Image restoration from out-of-focus (OOF) blur is a very difficult problem, as one has to infer both the original image and the point-spread function (PSF) from the data. We attempt to solve this OOF deblurring problem in the application of barcode reconstruction. We propose a partially blind method to recover binary barcode. It is based on an image formation model for out-of-focus blur. We first estimate a low-dimensional approximation to the PSF by using some parts of clean barcode that are known by construction. This low-dim representation only involves a few parameters, which can be iteratively computed via the Levenberg-Marquardt (LM) algorithm. The rest of the PSF is obtained by polynomial interpolations. Next, image deblurring is performed by

solving the least-square (LS) solution with box constraint. We further take the minimum bar width into account, which corresponds to a stretching matrix or an up-sampling operator. Having this matrix in the LS term largely enhances the efficiency of image deblurring.

The automatic workflow to deal with real data is the following.
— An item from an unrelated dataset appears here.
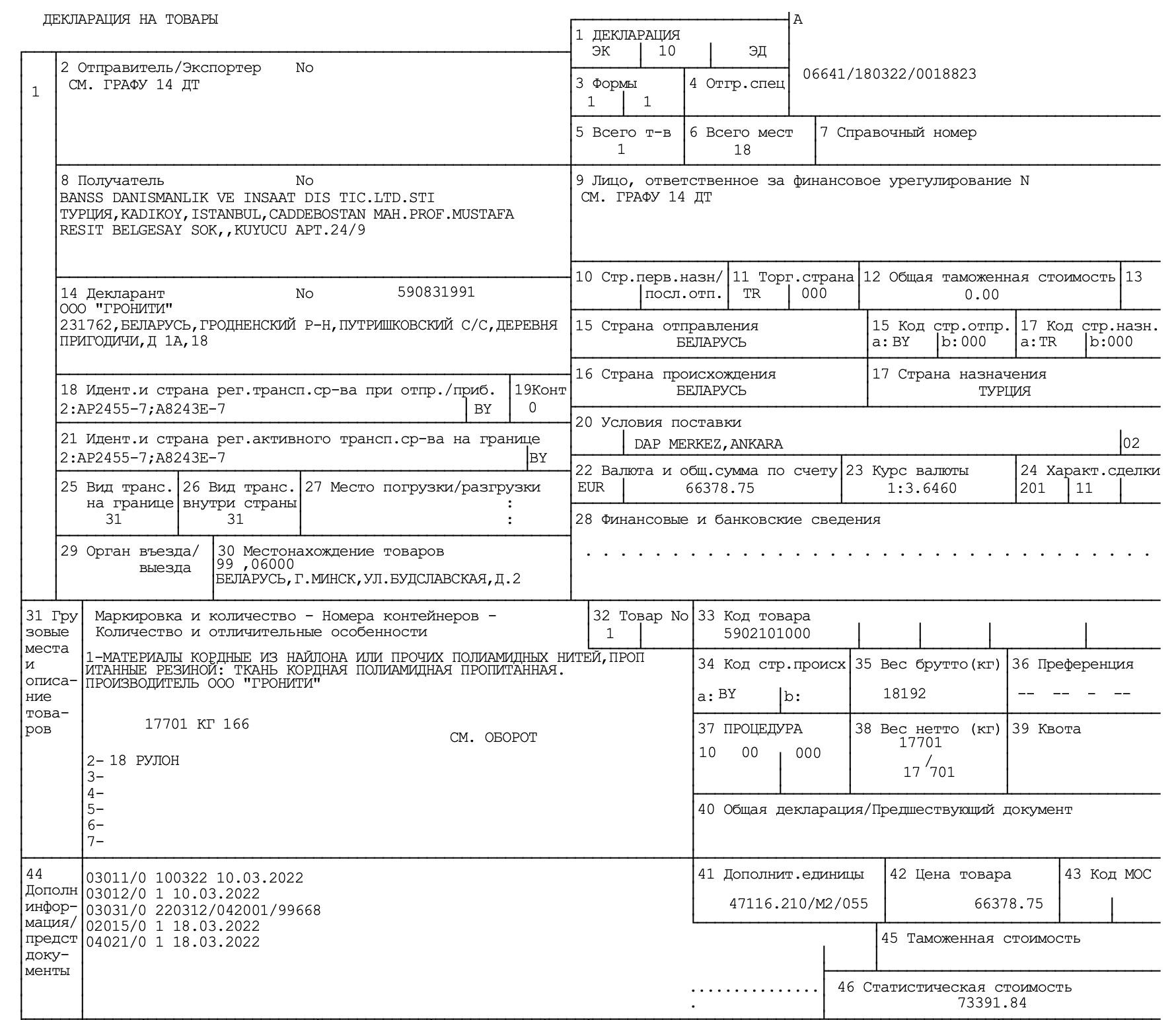 И другой способ нашелся. Из товарной накладной за май 2022 года, которую БРЦ получил от «Рабочего Руха», следует, что «Гродно Азот» все же приобрел фильеры, но через посредников. Первым была турецкая фирма Banss danişmanlik ve i̇nşaat diş ti̇caret li̇mi̇ted şi̇rketi̇. Она приобрела детали у Tetran и перепродала их ООО «Гронити» — знакомому нашим читателям по первой части этого расследования (компания поставляет в ЕС полиамид «Заводу Химволокно», филиалу «Гродно Азота», под видом своей продукции, помогая таким образом обойти санкции). [*] [*] [*] Наконец «Гронити» продала фильеру настоящему покупателю — «Гродно Азоту». [*]
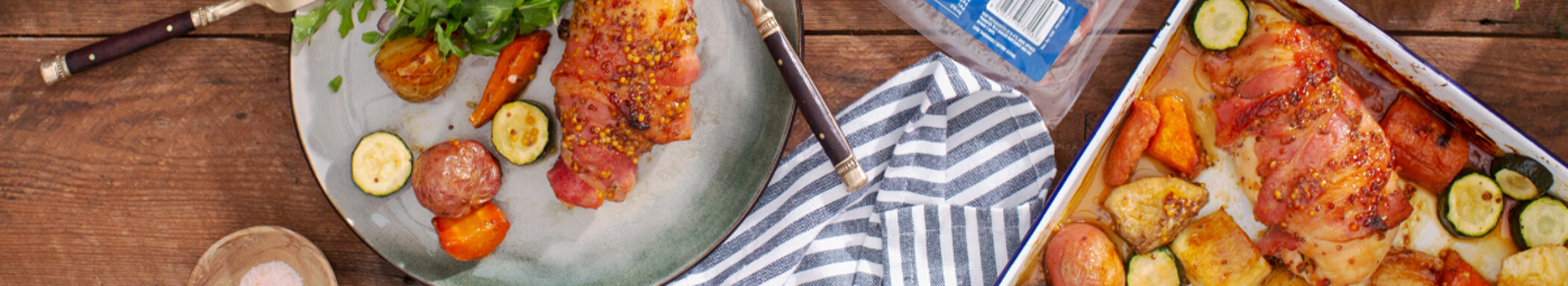 Our Easy Chicken Tray Bake is the perfect no-fuss meal. Made with Pams Mini Roasties and paired??with honey mustard chicken wrapped in bacon, it’s sure to sure to impress the whole family (even though it’s wonderfully simple to put together). Don’t have any of our mini roasties? They’re easily subbed for half a kilo of your favourite mixed, seasonal veg.

  1. take the average of several rows in the image to suppress the noise

  2. bar width estimation. We detect the local minima of the real data, each ideally corresponding to the center of black bar. Using the fact that the barcode is a 95-dim binary vector, we set the bar width to be the number of pixels between the first and the last minimum locations divided by 94. The division by 94 instead of 95 is because that half bars on two ends are not counted in the range of two minima.

  3. Translation alignment. Using the first and last minima, we can determine the center of the barcode. As the length of barcode is known, we take the data from the center with half of the barcode length on each side.

  4. Intensity adjustment. We plot the histogram of real barcode data and match the lowest value to 0, and highest to 1. This gives a linear transform for the intensity.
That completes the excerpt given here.